Task prompt: A verbatim repeat of the lines below is required, with the pictures removed.

Extracted information:

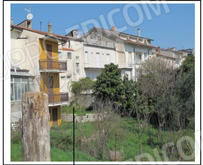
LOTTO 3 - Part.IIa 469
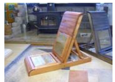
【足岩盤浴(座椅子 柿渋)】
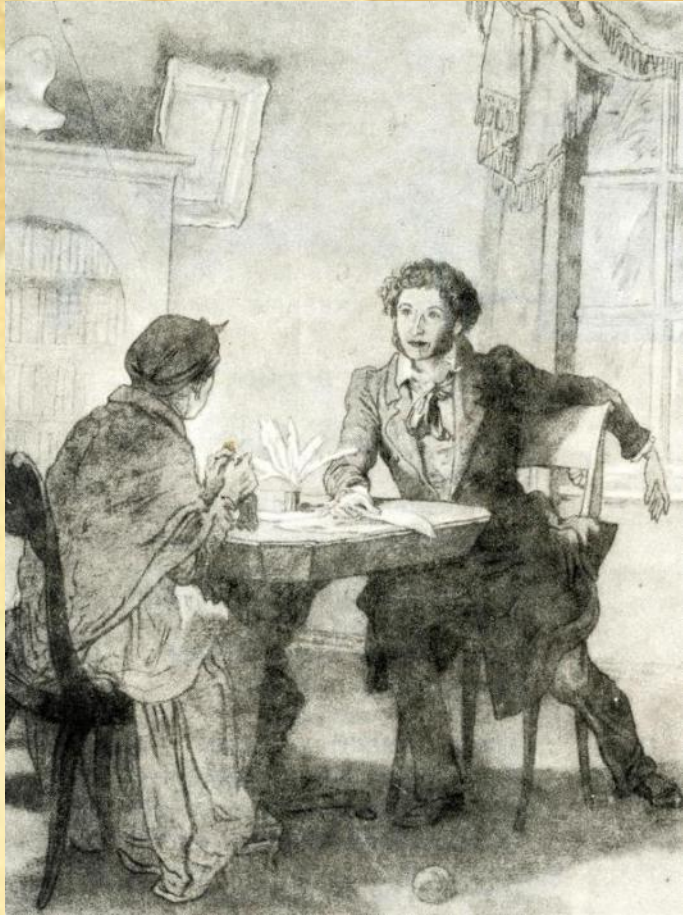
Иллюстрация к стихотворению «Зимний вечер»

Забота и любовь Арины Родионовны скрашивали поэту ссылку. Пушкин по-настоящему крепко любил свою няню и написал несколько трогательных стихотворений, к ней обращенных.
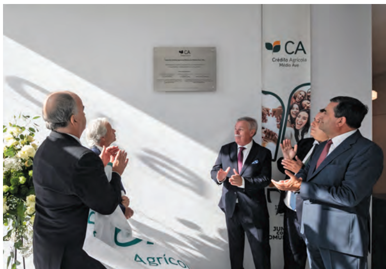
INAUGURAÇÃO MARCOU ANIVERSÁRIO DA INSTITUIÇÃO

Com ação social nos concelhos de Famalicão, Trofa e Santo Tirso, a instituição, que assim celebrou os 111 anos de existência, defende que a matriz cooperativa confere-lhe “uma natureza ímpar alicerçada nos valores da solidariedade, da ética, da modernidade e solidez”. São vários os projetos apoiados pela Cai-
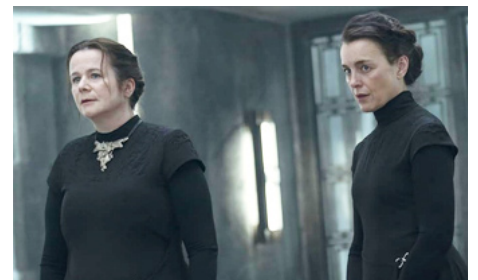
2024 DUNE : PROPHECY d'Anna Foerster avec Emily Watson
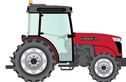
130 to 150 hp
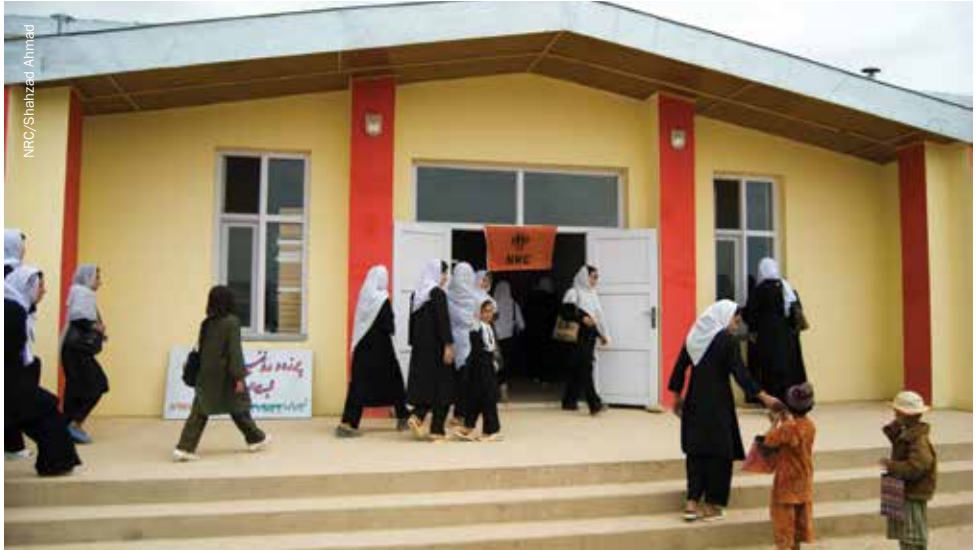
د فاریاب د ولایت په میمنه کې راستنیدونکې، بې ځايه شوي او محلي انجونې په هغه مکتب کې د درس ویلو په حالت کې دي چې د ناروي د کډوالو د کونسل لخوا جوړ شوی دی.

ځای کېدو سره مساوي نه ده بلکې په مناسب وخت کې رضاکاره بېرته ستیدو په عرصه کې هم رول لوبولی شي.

Output:
LOTTO 3 - Part.IIa 469
【足岩盤浴(座椅子 柿渋)】
Иллюстрация к стихотворению «Зимний вечер»

Забота и любовь Арины Родионовны скрашивали поэту ссылку. Пушкин по-настоящему крепко любил свою няню и написал несколько трогательных стихотворений, к ней обращенных.
INAUGURAÇÃO MARCOU ANIVERSÁRIO DA INSTITUIÇÃO

Com ação social nos concelhos de Famalicão, Trofa e Santo Tirso, a instituição, que assim celebrou os 111 anos de existência, defende que a matriz cooperativa confere-lhe “uma natureza ímpar alicerçada nos valores da solidariedade, da ética, da modernidade e solidez”. São vários os projetos apoiados pela Cai-
2024 DUNE : PROPHECY d'Anna Foerster avec Emily Watson
130 to 150 hp
د فاریاب د ولایت په میمنه کې راستنیدونکې، بې ځايه شوي او محلي انجونې په هغه مکتب کې د درس ویلو په حالت کې دي چې د ناروي د کډوالو د کونسل لخوا جوړ شوی دی.

ځای کېدو سره مساوي نه ده بلکې په مناسب وخت کې رضاکاره بېرته ستیدو په عرصه کې هم رول لوبولی شي.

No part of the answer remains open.